Por exemplo, apenas procurar arquivos em papel pode ocupar até 40% do tempo de um funcionário de escritório. Além disso, de acordo com a Thompson Reuters, 61% do tempo de um compliance officer é gasto em ‘Outras tarefas de conformidade’. Ou seja, em vez de se dedicar a tarefas mais qualitativas, se ocupam com tarefas como gerenciamento de projetos.

Mas a adoção de uma ferramenta de compliance também tem grandes impactos não só na empresa, como no meio ambiente e na sociedade. A seguir, vamos explicar como se dá cada um desses benefícios.

Impactos ambientais de um sistema de compliance

A adoção de softwares e tecnologia nos processos da empresa permite uma grande redução na quantidade de papel usada.

Além disso, reduzimos o uso de outros acessórios descartáveis relacionados ao uso de papel.

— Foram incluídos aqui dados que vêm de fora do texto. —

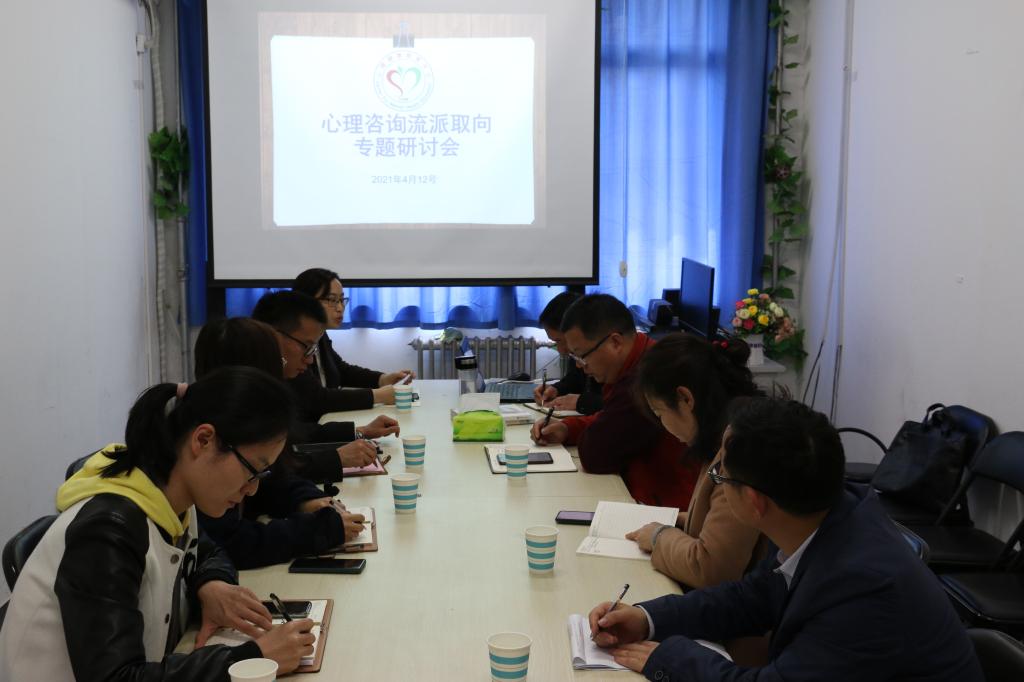 4月12日下午,我校心理健康教育与指导中心在621咨询观摩室召开心理咨询流派取向专题研讨会,心理中心专兼职咨询师10余人参加会议,会议由心理中心主任王永铎主持。

Por exemplo, muitos clipes de papel, que são feitos de alumínio, são altamente descartáveis e raramente são reciclados.

De acordo com a Agência de Proteção Ambiental dos EUA, o mundo produz 300 milhões de toneladas de papel por ano.

Dessa quantidade, os tipos encontrados em ambiente escolar ou de escritório, como papel de copiadora, impressões e blocos de notas constituem a maior parte de produtos de papel e resíduos em aterros sanitários.

Já no compliance especificamente, em organizações de alta conformidade, esse uso é especialmente alto. Um estudo estimou que o funcionário médio do setor bancário usa 40.000 folhas de papel por ano.

Isso é ainda mais preocupante quando pensamos que aproximadamente 45% do papel usado nos escritórios acaba no lixo antes mesmo do final do dia.

A transformação digital e o uso de softwares que digitalizam processos manuais como formulários, documentos e planejamentos, ajudam a estimular os “paperless offices”, ou escritórios sem papel.

Começar esse processo em setores como o compliance, que lida com grandes quantidades de documentos, formulários, políticas, etc., e é conhecido por ser altamente burocrático, incentiva uma cultura mais ecológica no resto do escritório.

Como a sociedade muda quando você adota um sistema de compliance

O compliance em geral busca não só a adequação dos processos das empresas a normas, mas a introdução e manutenção de uma cultura de ética, transparência e integridade no mundo corporativo.

De acordo com uma pesquisa da Deloitte e a International Chamber of Commerce – Brasil, a cultura organizacional foi destacada como o principal fator de prevenção a incidentes de fraude ou irregularidade. Já o segundo lugar ficou com a adesão das lideranças às práticas de compliance.

Um sistema de compliance consegue integrar a empresa, trazendo a alta direção mais próxima dos funcionários. Através de treinamentos virtuais promovidos por membros da liderança, ou até um e-mail automático assinado pelo diretor, fica possível mostrar como essas pessoas valorizam a cultura do compliance sem comprometer suas agendas cheias.

Quando os funcionários confiam mais na alta direção, confiam mais na empresa. Além disso, a corrupção dos líderes das empresas criou uma forte descrença nos benefícios de levar uma vida ética dentro e fora do trabalho. Mas quando os diretores mostram seu comprometimento, podem inspirar uma cultura que transpassa as barreiras do escritório.

Outro impacto social dos sistemas de compliance é estimular a adoção de tecnologias cada vez mais inovadoras em ambientes que ainda não possuem esse hábito. A partir disso, provocamos mudanças no formato do trabalho daqui para frente.

Por exemplo, um estudo da Information Services Group (ISG) mostrou que a Automação de Processo Robótica (RPA) permite que empresas executem processos de negócios cinco a dez vezes mais rápido com uma média de 37% menos recursos.

No entanto, o estudo ressaltou que esses ganhos de produtividade não estão resultando em perda de empregos. Eles permitem que os funcionários lidem com tarefas de maior valor e em maior volume.

Ou seja, a tecnologia tem a capacidade de melhorar a forma como trabalhamos e os resultados do nosso trabalho, que não só nos torna mais satisfeitos com o trabalho, como nos permite focar em atividades mais interessantes. Isso melhora nossa relação com o ambiente de trabalho e nos torna mais felizes em geral.